Хью еще долго лежал, глядя на спящую жену и размышляя о сюрпризах и неожиданных поворотах судьбы. Получается, что “Галланд, Ланкастер и Дюпре” он обязан далеко не только одним финансовым благополучием. Не приди в голову Джона мысль создать экспортно-импортную компанию, он бы не поехал на юг и не встретил Кристофа Галланда, а значит, не увидел его красавицу внучку и не влюбился бы в нее… Даже плохое самым неожиданным образом превращается порой в хорошее. Не соверши Кристоф и Рено свой жестокий подлог, Джон не стал бы его отчимом. А не начни кто-то обворовывать компанию, Хью Ланкастеру не пришлось бы ехать в Новый Орлеан. Преспокойно жил бы себе в Натчезе и не влюбился в спящее сейчас у него под боком очаровательное существо. Немыслимо!
Он уже готов был по примеру Микаэлы забыться в объятиях Морфея, когда услышал шаги в коридоре, а затем голоса. Разговаривали Ален и Франсуа, и, учитывая толщину стен, довольно громко. Хью нахмурился, подумав о том, что брату его жены следовало бы подыскать себе более достойную компанию. Ален — человек с сомнительной репутацией и очень опасен. Чем быстрее этот парень уедет в Новый Орлеан, тем лучше. Впрочем, совсем хорошо будет, если его вообще оставят наедине с любимой женой. Хью мечтательно улыбнулся.
Что касается Франсуа, он рад бы покинуть “Уголок любви” как можно скорее. Страх разоблачения день ото дня усиливался. А искреннее гостеприимство Хью делало чувство вины совсем нестерпимым. Но он не мог уехать, пока здесь оставался Ален. Хоть бывший друг и обещал не причинять вреда Хью, Франсуа ему не верил. Он решил, что будет постоянно держать Алена в поле зрения и в случае чего помешает ему совершить преступление.
Встреча с друзьями отвлекла Франсуа от мрачных мыслей. Возвращаясь назад, он был почти весел и вполне мирно беседовал с Аленом. Но по мере приближения к усадьбе молодоженов на душе становилось все тревожнее. Когда заспанный конюх поспешно принял поводья лошади, настроение стало таким же, как перед отъездом. Франсуа опять ощутил острую неприязнь к спутнику.
— Долго ты еще собираешься оставаться здесь? — довольно резко спросил он, поднимаясь по ступенькам крыльца.
— Это выглядит так, mon ami, будто ты хочешь побыстрее избавиться от меня, — нахмурил брови Ален.
Франсуа стиснул челюсти, но, когда заговорил, голос его звучал ровно.
— Будем откровенны. Ты приехал сюда вовсе не для того, чтобы повидаться со мной, а совсем с иными планами. Если ты отказался от этих планов…
— А кто тебе сказал, что я от них отказался?

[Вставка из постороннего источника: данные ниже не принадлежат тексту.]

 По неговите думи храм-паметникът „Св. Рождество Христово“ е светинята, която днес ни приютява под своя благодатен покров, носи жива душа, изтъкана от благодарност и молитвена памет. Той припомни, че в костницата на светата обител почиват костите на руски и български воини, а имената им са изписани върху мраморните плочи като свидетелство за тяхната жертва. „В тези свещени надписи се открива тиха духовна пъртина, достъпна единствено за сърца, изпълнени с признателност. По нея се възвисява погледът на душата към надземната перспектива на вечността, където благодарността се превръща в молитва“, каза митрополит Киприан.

— Ты дал слово, что не причинишь Хью вреда. И если ты намерен его сдержать, то делать тебе здесь нечего.
— А почему бы не предположить, что я просто отдыхаю? Почему я должен торопиться с отъездом, если мне здесь хорошо?

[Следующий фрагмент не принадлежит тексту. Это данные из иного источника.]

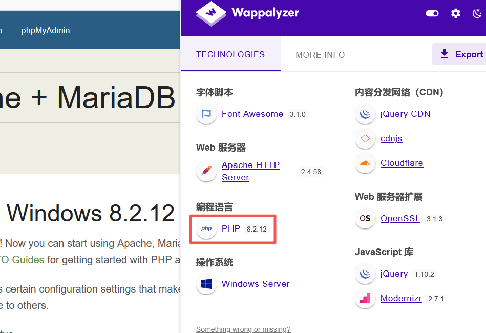 wapplyzer 指纹识别发现了 php8.2.12,存在历史漏洞,编号为:CVE-2024-4577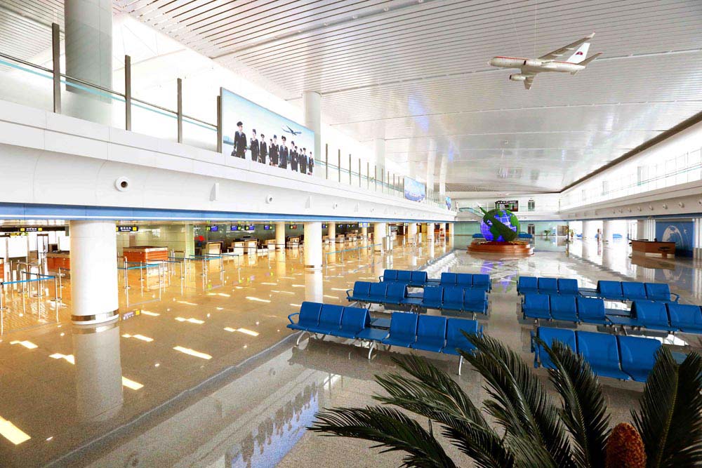 ピョンヤンの関門、国の顔とも言えるピョンヤン国際空港のエアターミナルビルを見ては、建築の生命である主体性、民族性を徹底的に具現しながら国際基準にも合うよう、エアターミナルビルを立派に建てた、朝鮮の顔、朝鮮の持ち味が生かされている、と言いました。

— Тогда считай, что я прошу тебя уехать, — чуть повысил голос Франсуа, угрюмо посмотрев на собеседника.
В ответном взгляде Алена проступило что-то страшное и мерзкое.
— А ты понимаешь, что твое поведение довольно обидно? Хорошенько подумай, малыш, прежде чем отталкивать меня! Я могу и рассердиться. Поверь мне, если я стану твоим врагом и буду вынужден действовать, тебе не поздоровится.
— Угрожаешь? — сухо уточнил Франсуа. — Тогда и я предупреждаю. Не пинай меня слишком сильно! У меня еще сохранились остатки гордости и хватит смелости, чтобы пойти к Хью и все ему рассказать.
Ален, открывая дверь своей комнаты, к которой они как раз в этот момент подошли, окинул Франсуа ледяным взором.
— Вижу, что ты сейчас не в том настроении, чтобы говорить о делах. Bonne nuil! Будем надеяться, что к завтрашнему дню к тебе вернется здравый смысл.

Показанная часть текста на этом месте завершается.